# My Christmas Morning mishap!



## Ronni (Dec 25, 2020)

I was prepping the sweet potato casserole.  I'd gotten all the ingredients mixed together other than the melted butter which I always put in last.  

I had melted the butter in a coffee cup (less splatter than in a bowl) in the microwave, and it was sitting on the counter ready to be added once everything else had been blended.  I grabbed the coffee cup and dumped the contents into the bowl on top of the other mixed ingredients.  It took me a minute to figure out why it looked weird.  

I GRABBED THE WRONG COFFEE CUP!!!!  I'd just dumped half a cup of coffee, flavored with peppermint mocha creamer, right into the sweet potato casserole ingredients!  

Now, any of you who've made a sweet potato casserole know that it's a sloppy mix, so imagine me trying to pour the coffee out of the mixing bowl without losing half the sweet potato mix along with it!  Thankfully I didn't have the mixer going when I dumped the contents in, so it was just sort of floating on the top.  I finally had a brainstorm, and grabbed a bunch of paper towels and laid them over the mixture, which effectively sopped up the coffee but left the mixture pretty much intact.  

That will sure teach me to melt the butter in something different next time, instead of one of my matching coffee cups!!!  We'll just have to wait and see if any of the family notices a different taste to the casserole when they come over later.  They've been eating this casserole a couple times a year for as long as they remember, so I'm just hoping that they don't discern a difference.

MERRY CHRISTMAS!!


----------



## applecruncher (Dec 25, 2020)

I think we all have "Oops" stories! Merry Christmas Ronni!


----------



## BlissfullyUnawareCanadian (Dec 25, 2020)

I think that may taste delicious together! That’s how many new recipes are discovered, by accident!


----------



## debodun (Dec 25, 2020)

Just what I was thinking, Blisfully.


----------



## Pinky (Dec 25, 2020)

Me two .. or, me three. I thought the same thing as Blissfully and Deb.


----------



## Kaila (Dec 25, 2020)

@Ronni 
Thanks for that story, which is so funny.  I hope they like it.
I do wonder if it might possibly add more flavor and turn into a big favorite.  Then, could you repeat it, intentionally, in the future?


And , then, would you tell them the reason it's a _little different?  

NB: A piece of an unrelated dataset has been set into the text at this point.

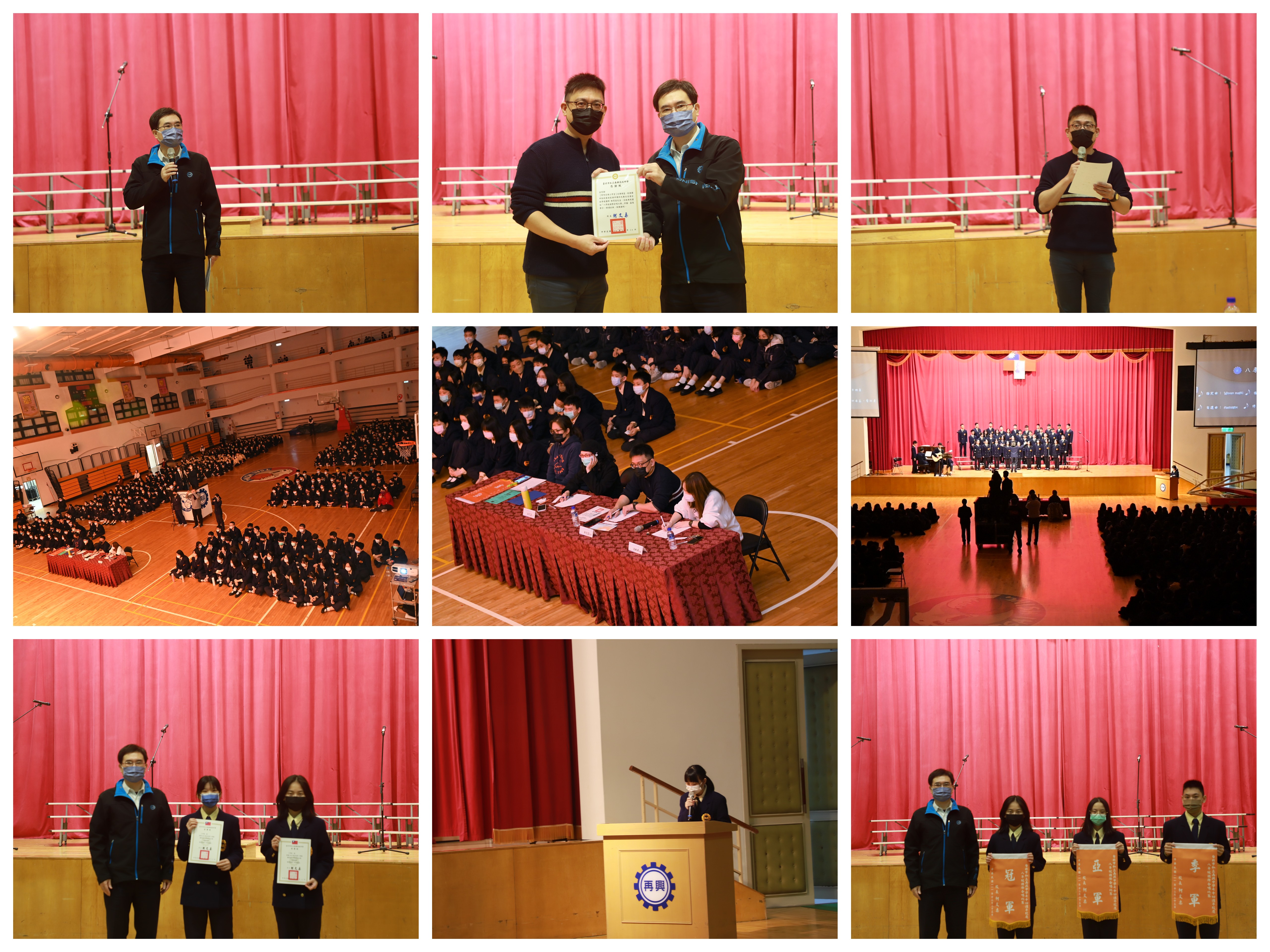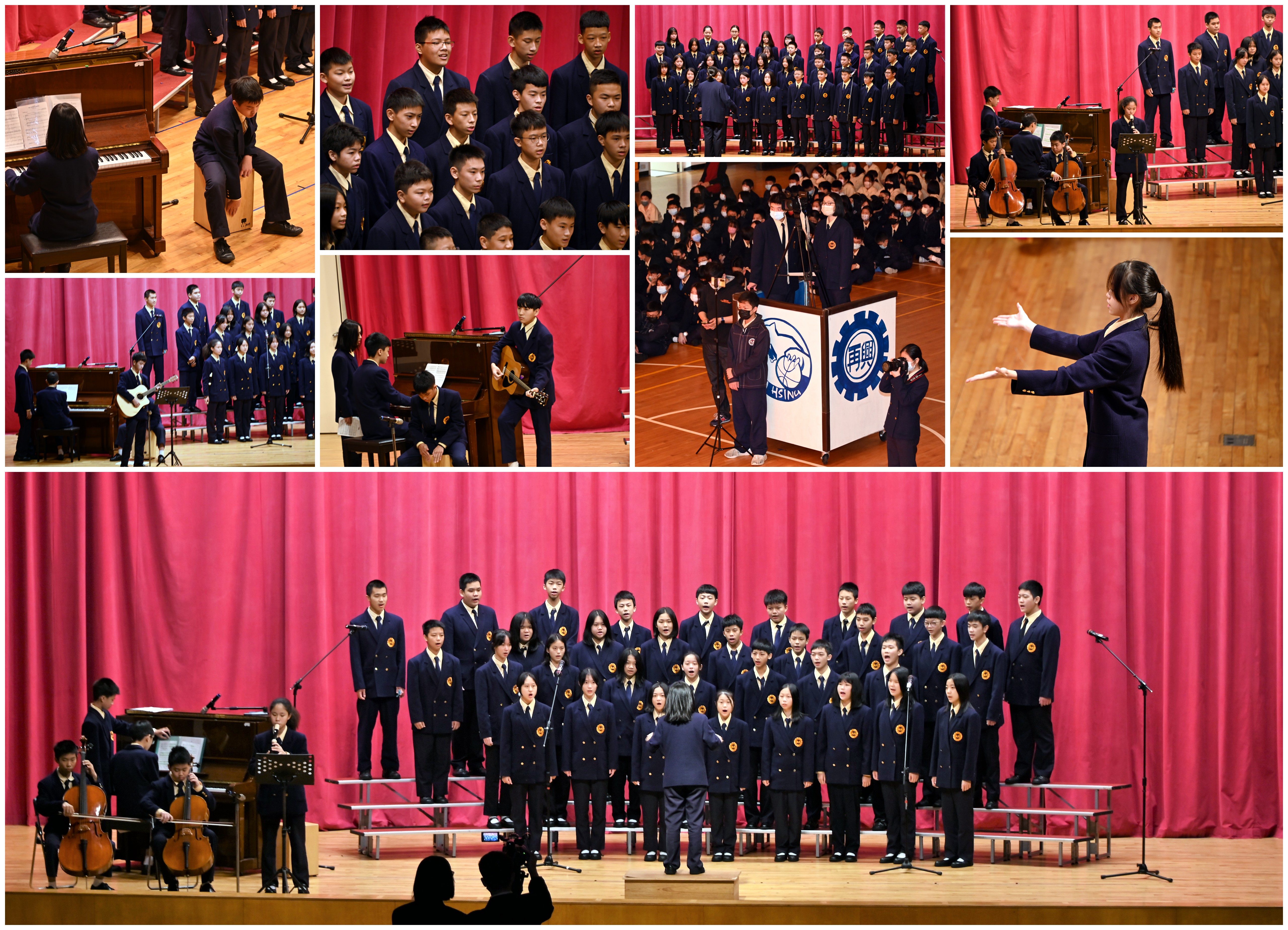 本校111學年度第1學期國中部八年級合唱比賽由學務處主辦,於111年12月14日國中部週會時間假本校知新樓B3體育館舉行。本項活動特別聘請專業合唱音樂教師林育誼老師、向芳誼主任以及劉姵希老師擔任評審。八年級各班紛展平日音樂課練習成果,每班除全體同學上台參加比賽外,指揮及鋼琴伴奏均由各班同學擔任,完全不假他人之手;經激烈競爭後,成績名次如下:

I know in actuality you would tell them, but it's funny to think of imaginary reasons you could give instead, or you could try to just act like you have no idea why it seems different.  _


----------



## RadishRose (Dec 25, 2020)

I think the coffee flavor would be delicious in that casserole!


----------



## Kaila (Dec 25, 2020)

How could coffee flavor be bad in anything?


----------



## Repondering (Dec 25, 2020)

@Ronni - 
Thank you for sharing that story.  You have my sympathy, but as a baker and cook I can also see the humor in it.
Oh yes, all of us who prepare meals will  sometimes be humbled by the kitchen and the occasional faux pas that happens despite our best efforts.
Happily most fumbles can be fixed.....it's a test of our skills in how well we do it.


----------